Tackle insecurity for farming to resume, NHRC tells security chiefs
The National Human Rights Commission has called on the nation’s security chiefs to tackle insecurity so that farmers who were displaced from their farms can resume.
The commission’s Executive Secretary, Tony Ojukwu, made the call at an event tagged “Technical Roundtable Discussion: Exploring the Economic Output of Nigeria” organised by ActionAid on Wednesday in Abuja.
Ojukwu said insecurity was affecting people’s standard of living because farmers have been displaced from their farms.
He said it was important that a conducive environment is provided for them to return to their farms.
He noted, “Already, you can see how insecurity is affecting the standard of living of the people. The farms are not working anymore; people in those farms are being kidnapped, so they are afraid to go to the farms. There is a need for security for people to go to the farms.
“The issue of safety during farming is very critical because we must talk of food, social and human security. If the farms are not safe, there will be no food security. Every human being has the right to an adequate standard of living which includes the right to food, shelter, and health services.
“So, it is very important for those in charge of security services, the NSA, the police, Army, and DSS to be made to account to make sure that our farmers go to the farms so that we should not face hunger.”

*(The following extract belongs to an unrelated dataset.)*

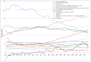 問題是美國的製造業所佔 GDP 比例在持續下降,由金融業和專業服務業所取代。而製造業所佔比例的下降造成勞工的失業,也造成底層消費人口消費能力的萎縮。這對經濟的穩定性很不利!

Speaking earlier, the Country Director of ActionAid Nigeria, Andrew Mamedu, said as concerned citizens, their focus was majorly on the current economic situation and how it is impacting various subsectors in the country.
Mamedu, noted, “If you look at the inflation, exchange rate, the cost of living generally, one will wonder how are the citizens surviving?
“We will pay a visit to the National Security Adviser, and say these are the practical things we are supposed to do so that we can go back to our farms to produce, that will generally reduce the cost of food and as citizens how we can support our government and how we can hold them accountable.”